La riqueza del taco está en su diversidad. Cada región del país ha desarrollado sus propias versiones, desde los famosos tacos al pastor hasta los tacos de pescado de la Baja California o los dorados crujientes. Prepararlos en casa es más sencillo de lo que parece: basta con una buena tortilla y un relleno sabroso para crear combinaciones llenas de personalidad. A continuación encontrarás 15 ideas de tacos mexicanos clásicos y creativos para disfrutar en casa.
Tacos al pastor
Los tacos al pastor son uno de los iconos de la cocina mexicana urbana, especialmente de la Ciudad de México. Su origen se remonta a la llegada de inmigrantes libaneses a México a principios del siglo xx, particularmente a Puebla, quienes trajeron consigo la técnica del shawarma (carne marinada y cocinada en un trompo vertical), que adaptaron para crear esta receta: sustituyeron el cordero por cerdo y el pan árabe por tortilla de maíz.

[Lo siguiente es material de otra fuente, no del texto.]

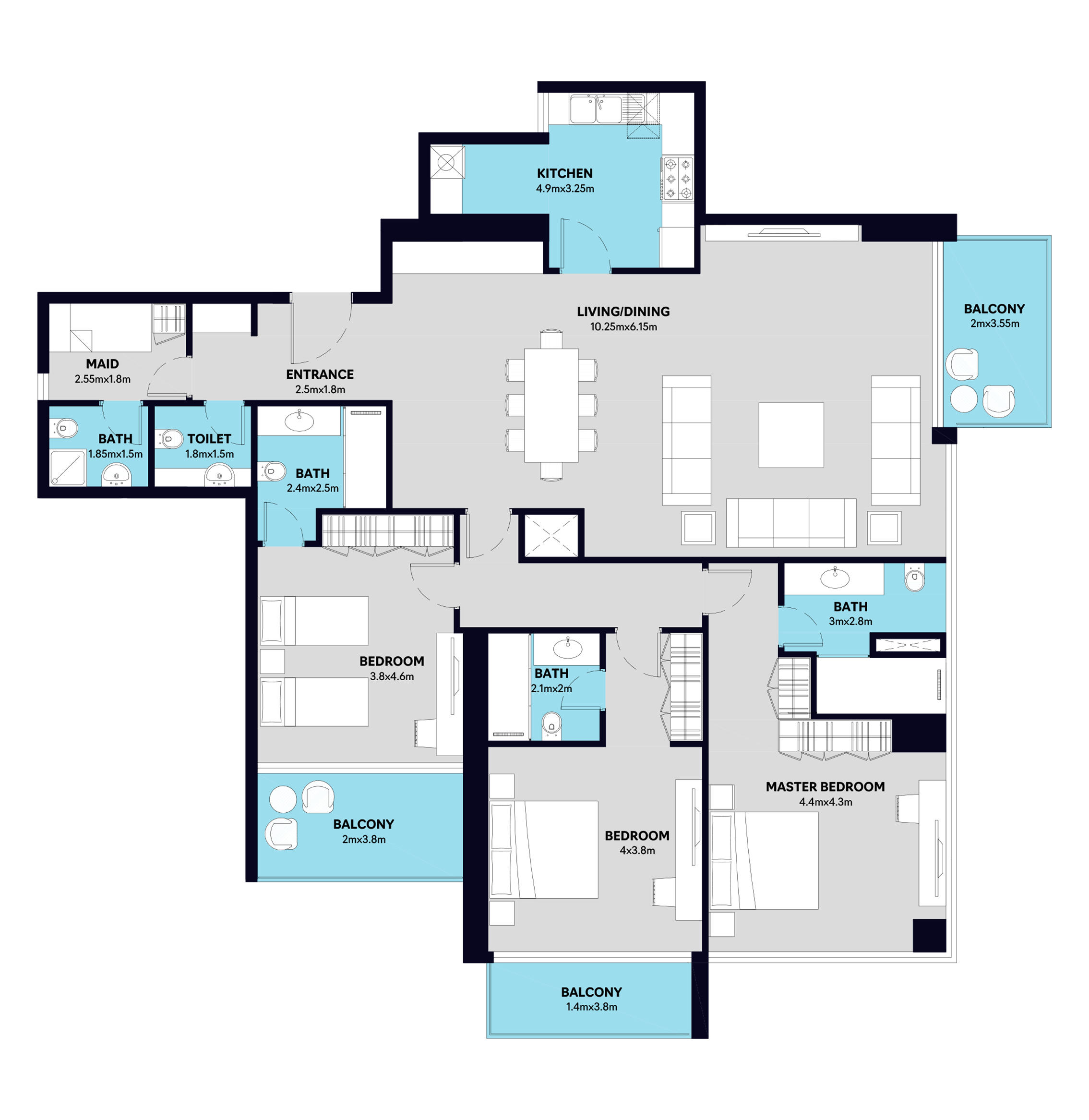 This 3-Bedroom Penthouse Type 11 at S1 Tower in Sharjah is designed for luxury living, combining spacious interiors, multiple balconies, and panoramic waterfront views. Perfectly located in Al Mamzar, Sharjah, this residence is only minutes from Dubai, making it ideal for families and investors looking for luxury waterfront apartments in Sharjah.

Fue en la Ciudad de México donde la receta se transformó definitivamente al incorporar el adobo de achiote y la piña, y dio lugar al taco al pastor tal como lo conocemos.
En casa se puede preparar salteando tiras finas de cerdo previamente marinadas con achiote, chiles secos, ajo, vinagre y especias. Se sirven en tortillas de maíz calientes con piña, cebolla picada, cilantro y unas gotas de limón. El contraste entre la carne especiada y la frescura de la piña es parte esencial de su encanto.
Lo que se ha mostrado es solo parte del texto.